Yes. And these are definitions and words. They get defined for various applications. I don’t think there’s a single “true” definition of “death”, not by the NHS, nor by anyone else. Someone can be dead per law, someone can be dead enough but you’ll still perform CPR on them. Or their head is missing and they’re really dead and you don’t do CPR. Other people still have vital signs and they’re so dead the doctors will remove their liver, kidneys and heart and transplant it to somebody else… There’s just several definitions of the word. So yes. Sure, per some definition people can be dead and then be resurrected. But that’s just a definition thing, not a real concept. It’s a bit weird to have non-permanent death, if you ask me. It’s useful for certain things to phrase it like that. But how a word is being used doesn’t tell us a lot here.
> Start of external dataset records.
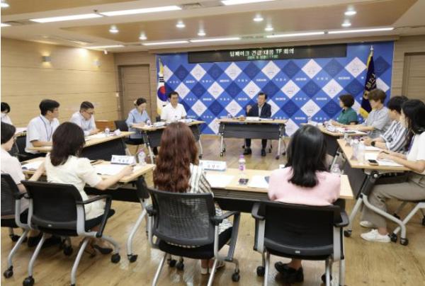이날 태스크포스(TF, 전담조직) 회의에는 피해예방·지원분야 등 6개 분야로 구성된 9개 부서(자치분권과, 스마트도시과, 정보통신과, 평생교육과, 미래세대지원과, 여성가족과, 건강도시과, 예산법무과, 홍보담당관)가 참석했다.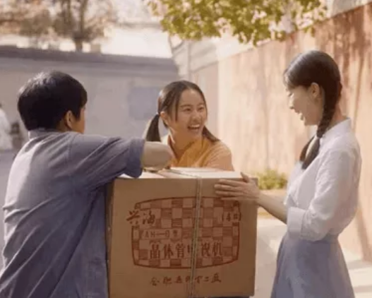 贾玲穿越后,做的第一件让妈妈高兴的事,就是抢电视,让妈妈成为全厂第一个拥有电视机的人。30年前,电视机可是有钱都买不到的抢手货,很多人甚至要找关系才能拿到“电视票”,影片中选用的正是合肥无线电二厂生产的“兴海牌”电视。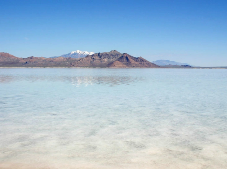 Большое соленое озеро, на берегу которого стоит Солт-Лейк-Сити — столица штата Юта, крупнейший минеральный водоем в западном полушарии. Здесь прекрасно в ясную погоду, когда в озере отражается голубое небо, а кристаллы соли блестят на солнце.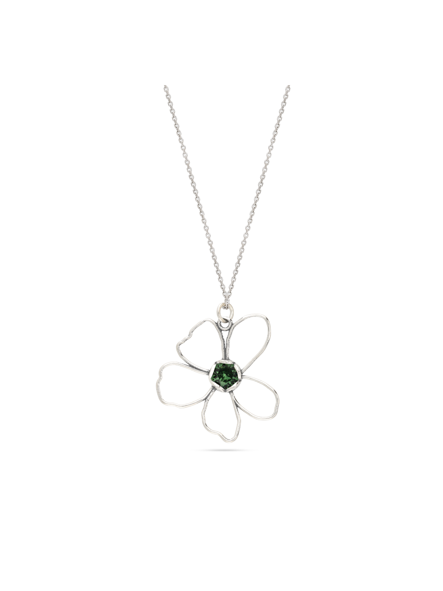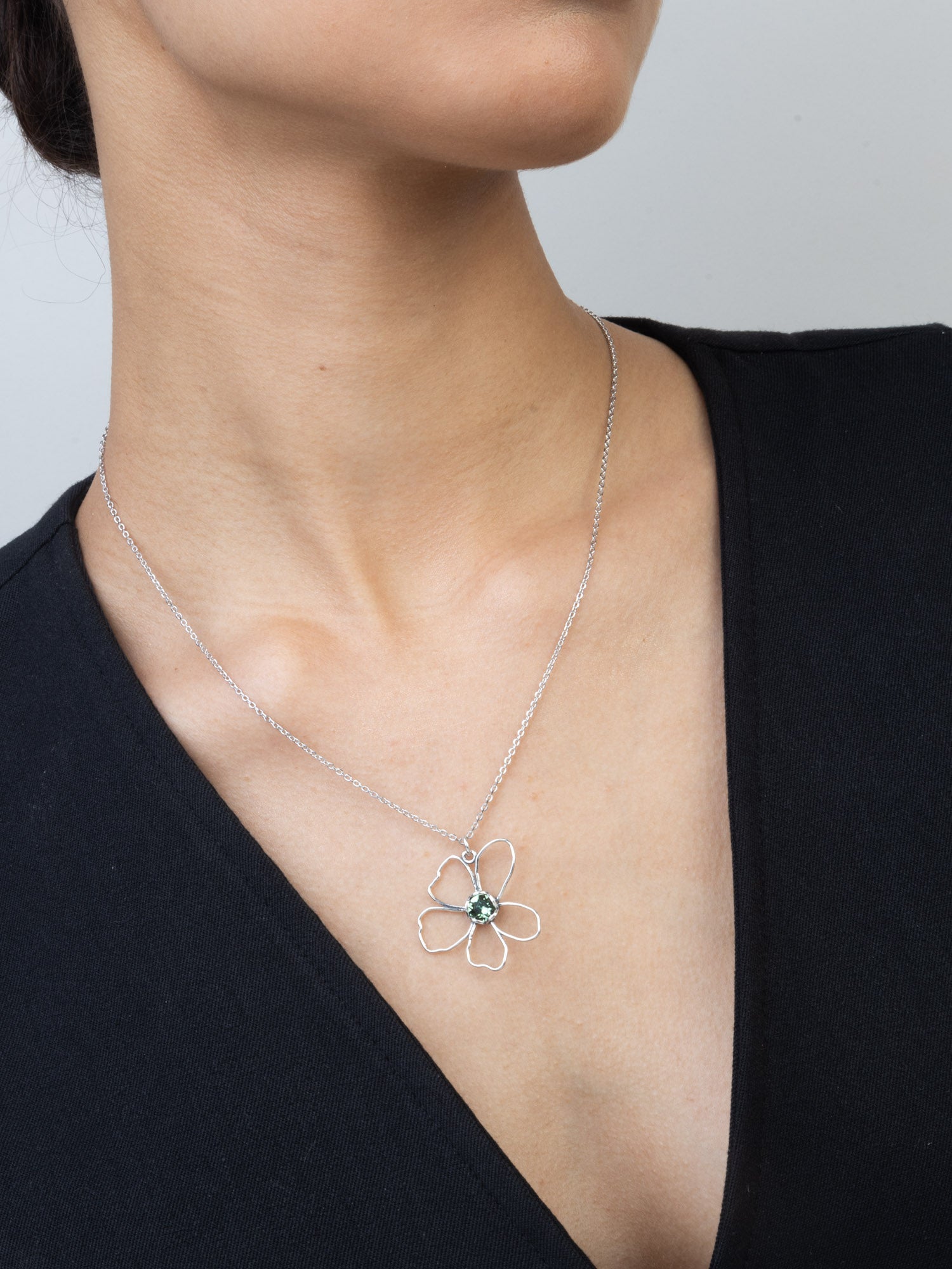 Fio com pendente flor em prata 925 com cristal verde

biological death exists regardless of our medical and legal terms.
Does it, though? All I can find is descriptions like this one: “Biological death marks the definitive endpoint of an organism’s life, representing the irreversible cessation of all biological functions. This profound transition signifies a state where […]”
Which leads me to believe it’s a point in time. Not a “thing” that “exists”. All I can see is how life exists. And we can’t really talk just about the absence of life as per your initial post. Because we all transitioned from not being alive to living. That happens when we’re born. I think what you were referring to is more an abstract process within a complex biological organism. And the specific effects on one particular organ. That of course exists. But even that is more of an abstract concept, made up of a plethora of real things happen.
i apologize but i’m not following. a biological organism will eventually cease to exist regardless of our medical and legal terms or our abstract and subjective beliefs. we did transition from not being alive to being alive, but never being alive to not being alive. you can come into existence in a different way you go out and the processes can be different as well. non-existence isn’t death. death is the process of transitioning from existence to non-existence.